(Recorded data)

-*-

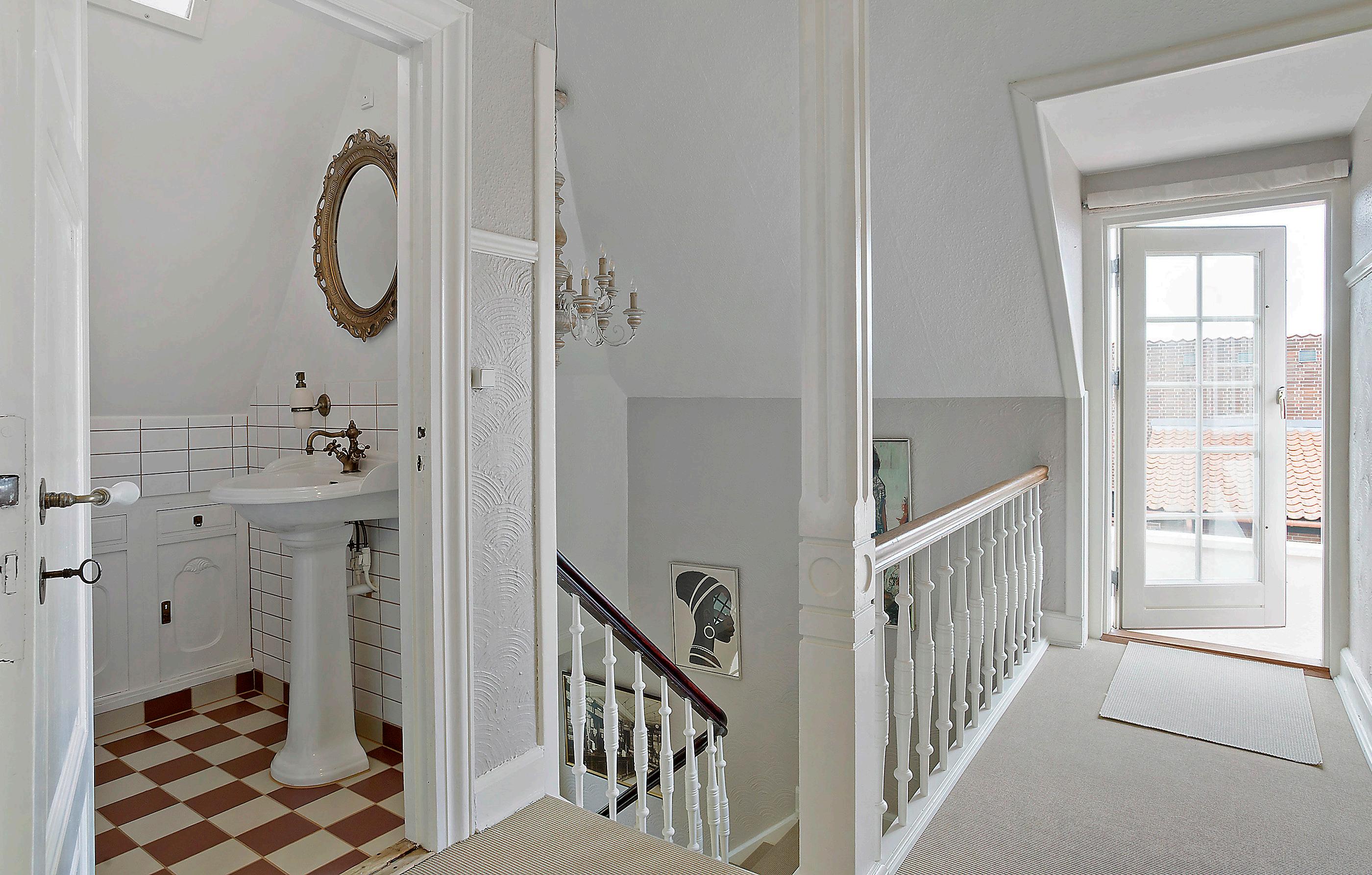 Herudover et gæste toilet med klinker der matcher bindingsværket, samt importeret Heritage sanitet fra England såvel som et 1900 tals skab indmuret i skunken. Hele førstesalen har intakte plankegulve under gulvtæppet.
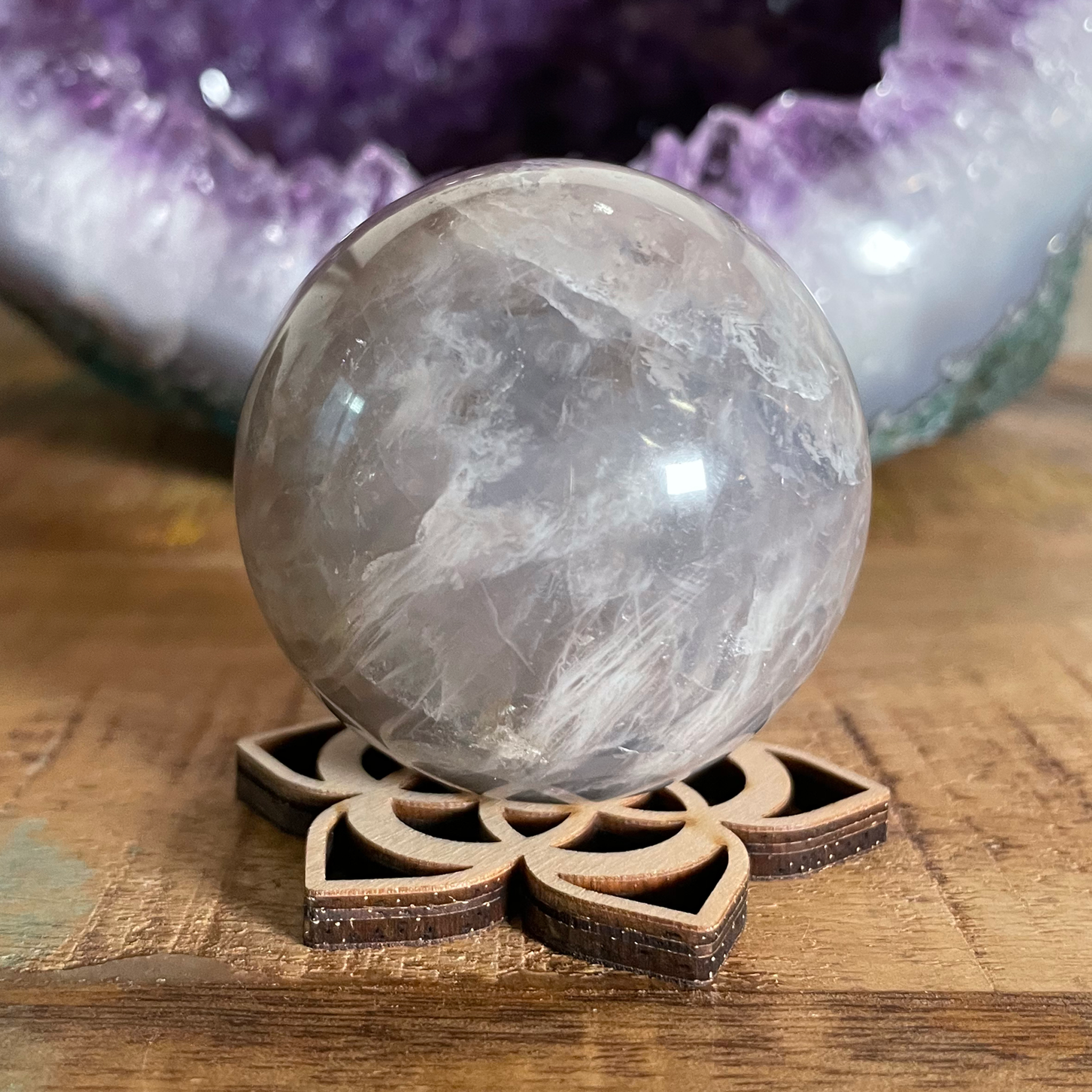 .Blue Rose Quartz sphere. The trade name is “Blue Rose Quartz” these spheres are a periwinkle blue in color and are slightly transparent in spots. You’ll receive this exact sphere.
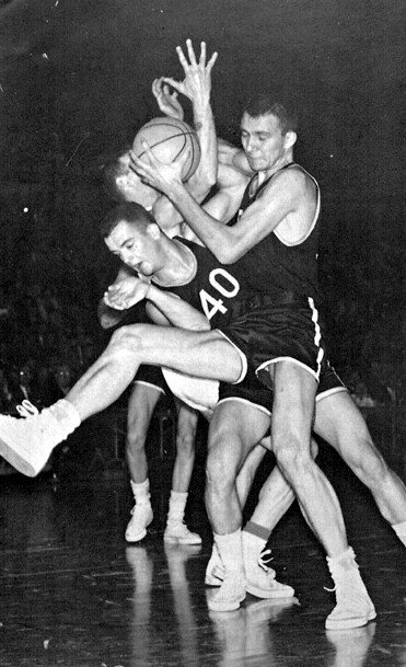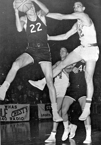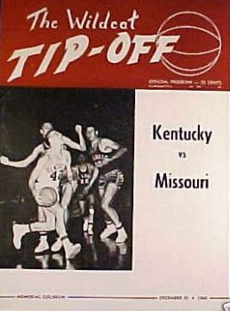 Missouri's Joe Scott (#22) grabs a rebound in front of UK's Roger Newman. In the background are MU's Ron Cox (#40) and Bill Lickert
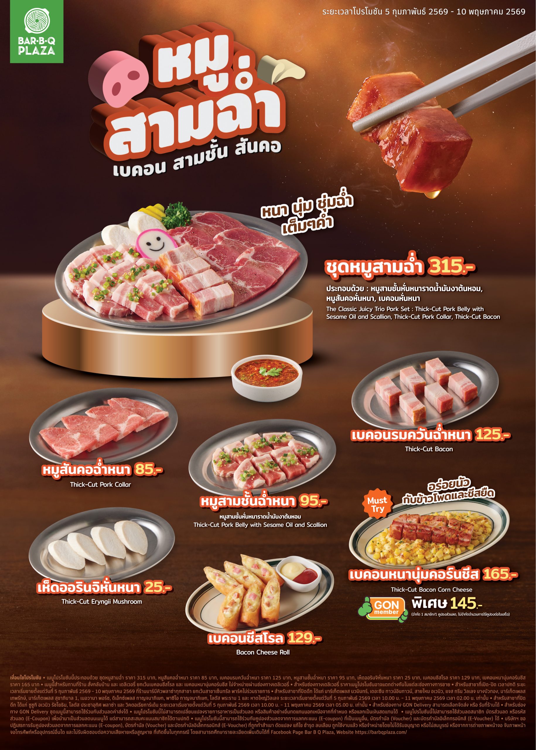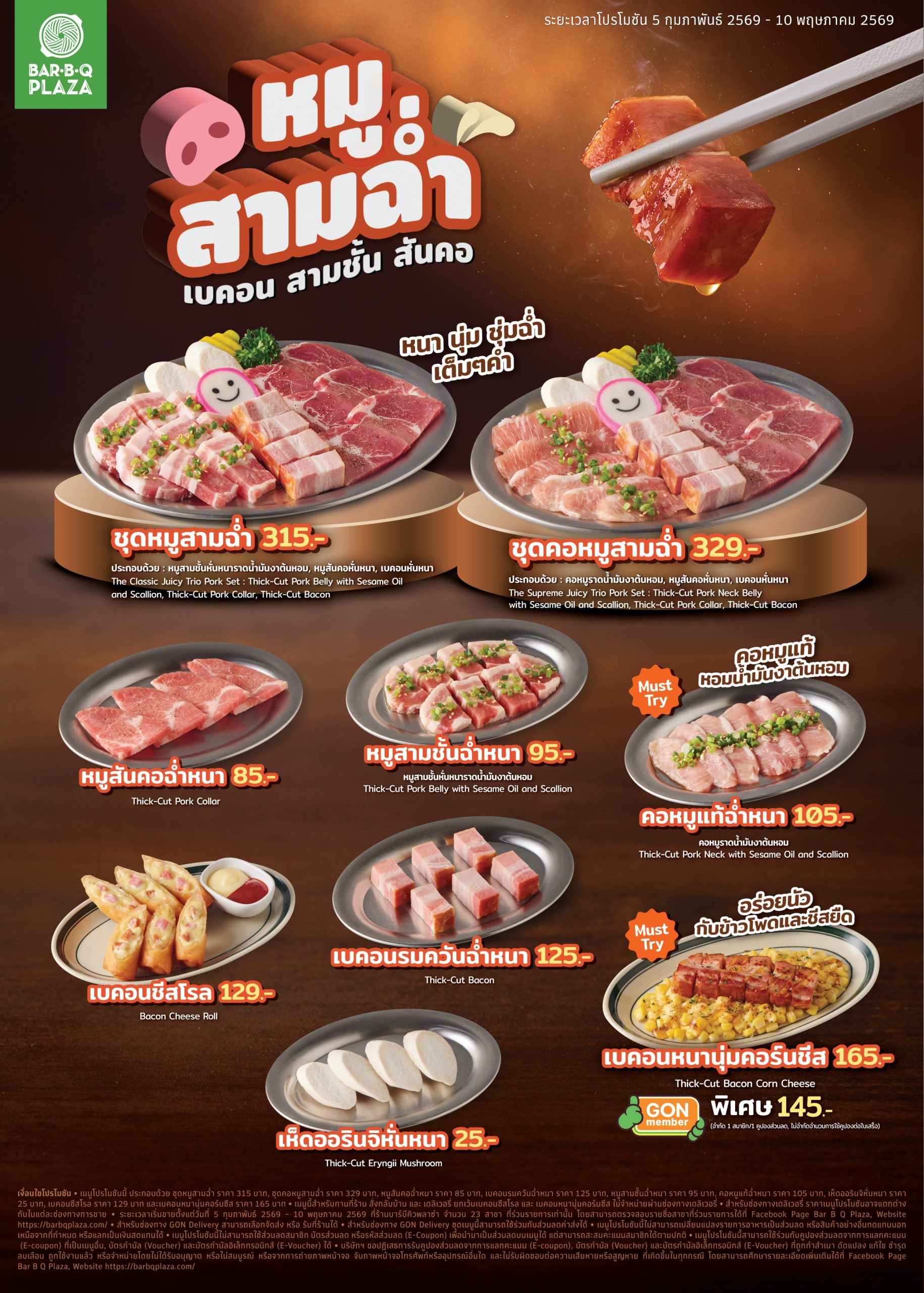 - สำหรับสาขาที่เปิด-ปิด เวลาปกติ ระยะเวลาเริ่มขายตั้งแต่วันที่ 5 กุมภาพันธ์ 2569 – 10 พฤษภาคม 2569 ที่ร้านบาร์บีคิวพลาซ่าทุกสาขา ยกเว้นสาขาเซ็นทรัล พาร์คไม่ร่วมรายการ
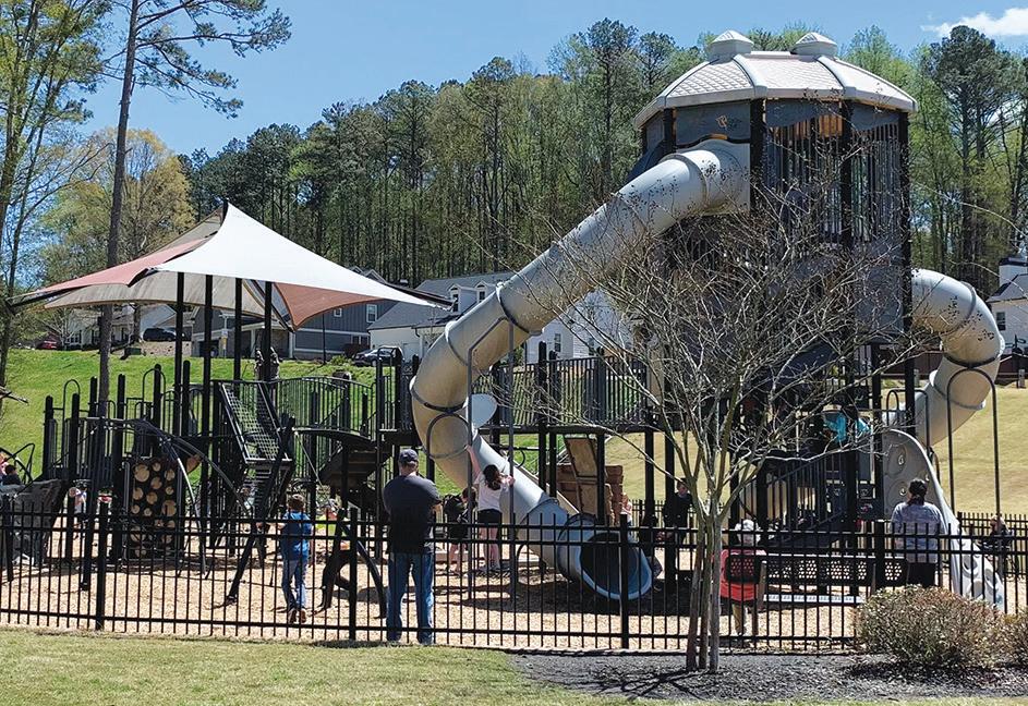 This Forsyth County park offers natural shade on the two-story playground that includes slides, climbing structures, interactive elements and more. Kids will especially love the spider web-like climbing structure, and there is an accessible swing.
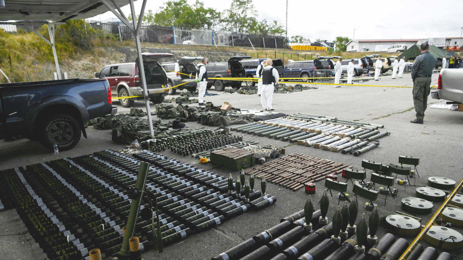 Nach dem Überfall einer Gruppe serbischer Paramilitärs auf Polizisten im Norden des Kosovo hat die Polizei die sichergestellte Ausrüstung der Angreifer präsentiert. Es handele sich um eine große Menge an schweren Waffen, Sprengstoff und Lebensmittel, sagt Innenminister Xhelal Sveçla
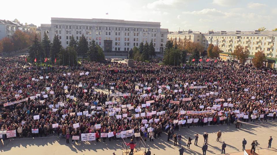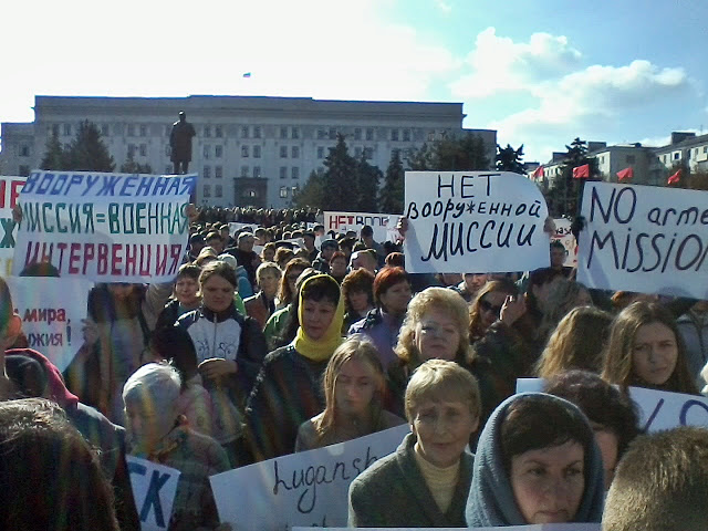 Yesterday, October 10, 2016, a big demonstration was held in Lugansk to say no to any international military mission. [The Kiev regime is calling for the deployment of an armed mission of the Organization of Security and Cooperation in Europe (OSCE) in the Donbass.]
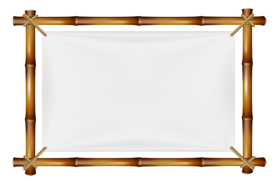 Bamboo frame from sticks and rope in cartoon style, border isolated on white background. Tribal panel, game menu.
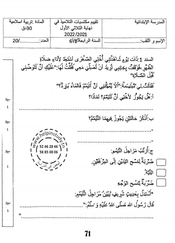 أتمرن على الإمتحانات سنة 4 – ثلاثي 3
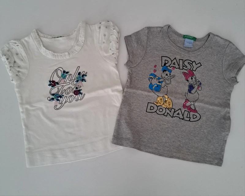 Lot iznimno očuvane, nenošene ili jako malo nošene odjeće u veličini 92 ili za dijete od 24 mjeseca. Sastoji se od 5 majica bez rukava, 2 majice kratkih rukava, 1 rompera i 1 kratkih hlača. Poznati brendovi (Benetton La Redoute, M&S, C&A), kvalitetne pamučne tkanine.
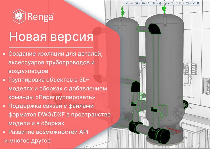 Новая версия Renga: всё дело в деталях Компания Renga Software представляет новую версию Renga редакций Standard и Professional. В релизе разработчики сделали акцент на мощном развитии ранее представленных инструментов изоляции инженерных систем и работы с группировкой объектов, а также была реализована ожидаемая проектировщиками поддержка динамических связей с чертежами DWG/DXF в 3D-модели и сборке. ➡️В вышедшем обновлении появилась возможность создавать многослойную изоляцию для деталей и аксессуаров трубопроводов и воздуховодов. Особенно ценно это будет для инженеров-проектировщиков и технологов, поскольку позволяет изолировать все объекты трассы, значительно упрощая формирование различных спецификаций для учета расхода материалов в проекте. ➡️Продолжилось усовершенствование инструментов управления объектами, был расширен функционал команд «Сгруппировать», «Разгруппировать» на объекты 3D-вида и сборки. В группы можно объединять не только отдельные объекты, но и существующие групп

-*-

_What you need to do_
Drop every image, please, and write out the data above exactly as shown.

_Exercise output_
 Herudover et gæste toilet med klinker der matcher bindingsværket, samt importeret Heritage sanitet fra England såvel som et 1900 tals skab indmuret i skunken. Hele førstesalen har intakte plankegulve under gulvtæppet.
 .Blue Rose Quartz sphere. The trade name is “Blue Rose Quartz” these spheres are a periwinkle blue in color and are slightly transparent in spots. You’ll receive this exact sphere.
 Missouri's Joe Scott (#22) grabs a rebound in front of UK's Roger Newman. In the background are MU's Ron Cox (#40) and Bill Lickert
 - สำหรับสาขาที่เปิด-ปิด เวลาปกติ ระยะเวลาเริ่มขายตั้งแต่วันที่ 5 กุมภาพันธ์ 2569 – 10 พฤษภาคม 2569 ที่ร้านบาร์บีคิวพลาซ่าทุกสาขา ยกเว้นสาขาเซ็นทรัล พาร์คไม่ร่วมรายการ
 This Forsyth County park offers natural shade on the two-story playground that includes slides, climbing structures, interactive elements and more. Kids will especially love the spider web-like climbing structure, and there is an accessible swing.
 Nach dem Überfall einer Gruppe serbischer Paramilitärs auf Polizisten im Norden des Kosovo hat die Polizei die sichergestellte Ausrüstung der Angreifer präsentiert. Es handele sich um eine große Menge an schweren Waffen, Sprengstoff und Lebensmittel, sagt Innenminister Xhelal Sveçla
 Yesterday, October 10, 2016, a big demonstration was held in Lugansk to say no to any international military mission. [The Kiev regime is calling for the deployment of an armed mission of the Organization of Security and Cooperation in Europe (OSCE) in the Donbass.]
 Bamboo frame from sticks and rope in cartoon style, border isolated on white background. Tribal panel, game menu.
 أتمرن على الإمتحانات سنة 4 – ثلاثي 3
 Lot iznimno očuvane, nenošene ili jako malo nošene odjeće u veličini 92 ili za dijete od 24 mjeseca. Sastoji se od 5 majica bez rukava, 2 majice kratkih rukava, 1 rompera i 1 kratkih hlača. Poznati brendovi (Benetton La Redoute, M&S, C&A), kvalitetne pamučne tkanine.
 Новая версия Renga: всё дело в деталях Компания Renga Software представляет новую версию Renga редакций Standard и Professional. В релизе разработчики сделали акцент на мощном развитии ранее представленных инструментов изоляции инженерных систем и работы с группировкой объектов, а также была реализована ожидаемая проектировщиками поддержка динамических связей с чертежами DWG/DXF в 3D-модели и сборке. ➡️В вышедшем обновлении появилась возможность создавать многослойную изоляцию для деталей и аксессуаров трубопроводов и воздуховодов. Особенно ценно это будет для инженеров-проектировщиков и технологов, поскольку позволяет изолировать все объекты трассы, значительно упрощая формирование различных спецификаций для учета расхода материалов в проекте. ➡️Продолжилось усовершенствование инструментов управления объектами, был расширен функционал команд «Сгруппировать», «Разгруппировать» на объекты 3D-вида и сборки. В группы можно объединять не только отдельные объекты, но и существующие групп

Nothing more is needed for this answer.